Due to intensive development in LEO, there is an important motivation to develop suitable strategies for proactive debris removal. Through numerical calculation and visual simulation, a spherical space debris was applied to systematically address the plasma expansion plumes and active deorbit, and the following conclusions were drawn:

1. (1)

   The evolution process of plasma expansion plumes formed on the debris was simulated based on different incident laser powers and action times, and the velocity change of plasma expansion plumes formed on the debris was also calculated by numerical calculation. Results showed that the whole area of plasma expansion plumes was distributed outward from the centre of the plasma plumes, and the plasma was sprayed outwards in a mushroom cloud shape with the increase of action times and incident laser powers. At the same time, the plasma plume speed increased within a certain irradiation times with the increase of incident laser powers, and the maximum velocity appeared around 21 μs and reached 2.36km/s when the incident laser power was 900 kW. By exploring the evolution characteristics of plasma expansion plumes with thermal effects, preliminary results showed that the spatial scale of the plasma expansion plumes was rapidly increased, but the temperature of the plasma expansion plumes was gradually decreased with the increase in incident laser powers and action times. As a result, the maximum plume temperature occurred near the debris surface, and the highest temperature on the debris surface reached maximum value of 9230 K at time 45 μs and power 900 kW.

2. (2)

   The influence rules of the debris orbital semi-major axis with the number of laser pulses were discussed for different incident laser powers, and the variation rules of irradiation distance with operation time were explored for different space-based platforms by numerical calculation.
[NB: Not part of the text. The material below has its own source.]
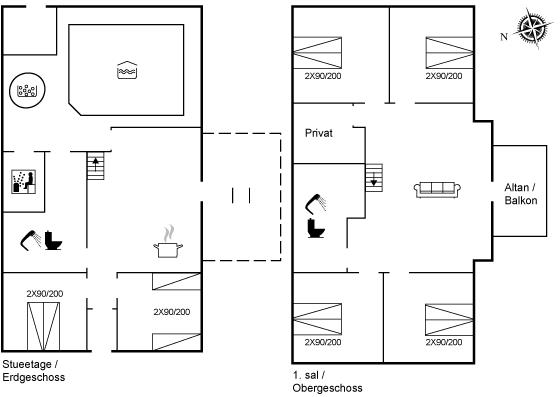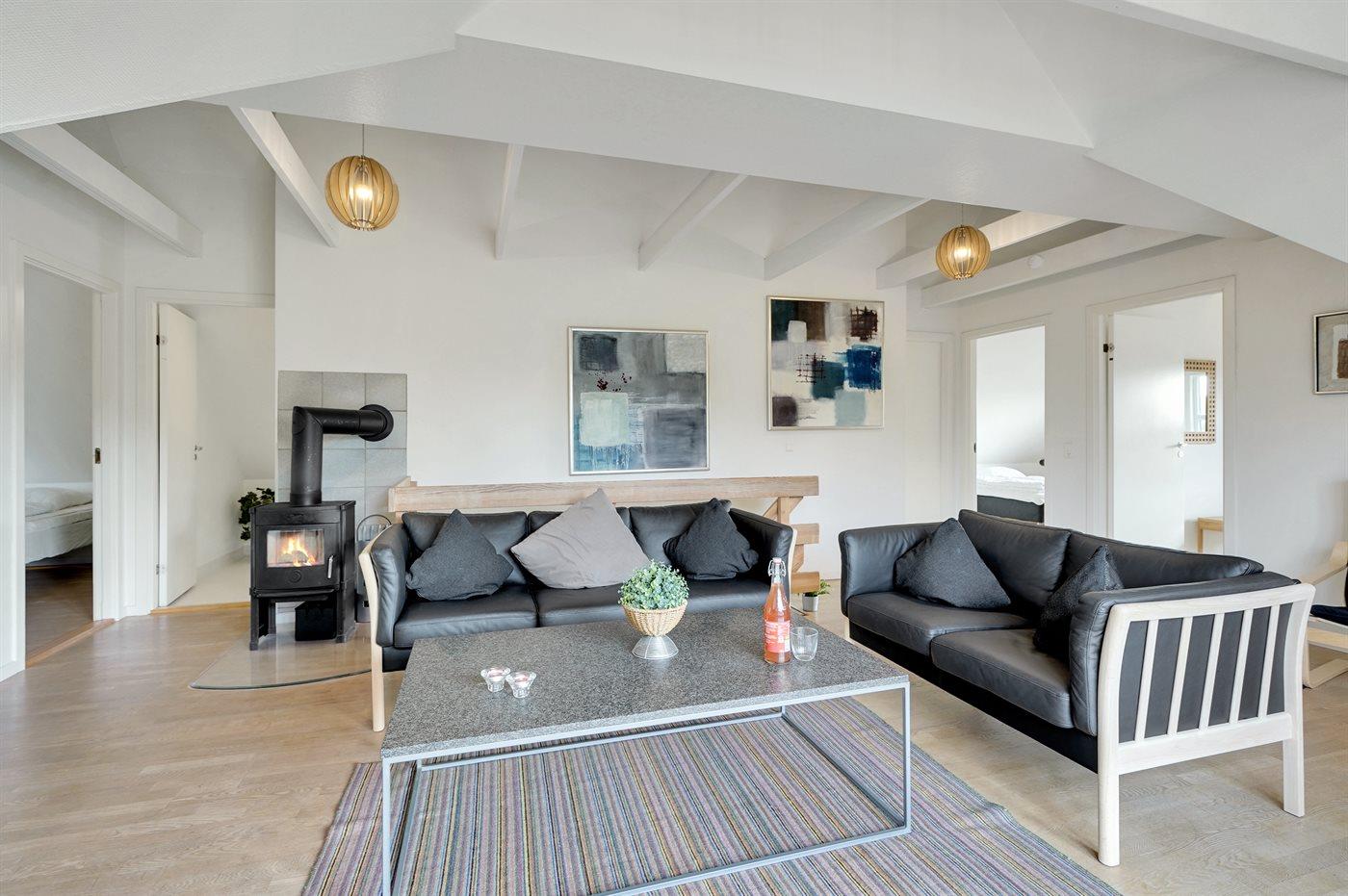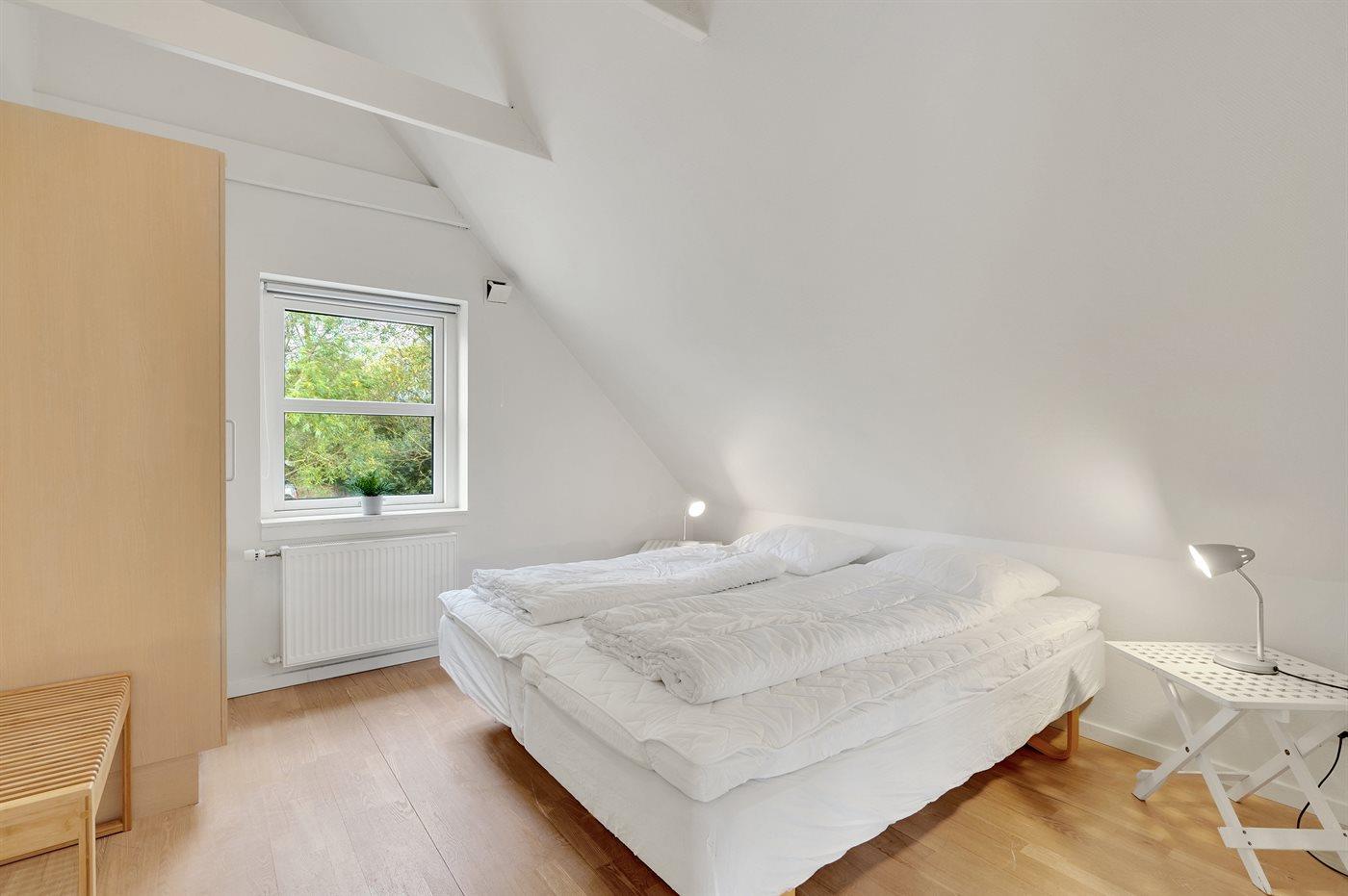 Der er i alt 6 soveværelser. Sovepladserne fordeler sig på: 10 sovepladser i dobbeltsenge. 2 sovepladser i enkeltsenge. Derudover er der 1 stk. barneseng.

Results indicated that the orbital semi-major axis of the debris was increased with the increase of the number of laser pulses. When the number of laser pulses was 466 and the incident laser power was 900 kW, the maximum increment of the debris orbital semi-major axis achieved 627km. Moreover, the smaller the RAAN difference between the space-based platform and the debris orbital plane, the less time required for debris removal. For the RAAN of -1.5° and -4.0°, the debris appeared within the maximum irradiation range of pulsed lasers when the operation times were 1133 s and 1451 s, respectively.

3. (3)

   Based on the non-coplanar condition, active deorbit process of the debris was demonstrated by visual simulation, and the results validated that the effects of visual simulation were consistent with the results of numerical calculation. Especially, the perigee altitude of the debris was decreased from 256 km to 198.4 km by five times of passes, and 862 laser pulses completed active removal according to the given parameters. Thus, the results further clarified that the use of high-energy pulsed lasers was an important way to remove small space debris in the future.

4. (4)

   Optimised laser parameters were essential for improving the flow characteristics and velocity control of plasma expansion plumes. However, in order to establish reasonable and efficient engineering application of laser removal method, it is still necessary to further grasp the interaction rules between high-energy pulsed lasers and space debris under different parameters. These basic tasks mainly include technical issues, such as plasma plumes measurement, active control of space debris, multi-parameter optimization of space-based platform laser, etc. Effective implementation of this work can lay excellent foundation for further engineering application of space debris removal technology.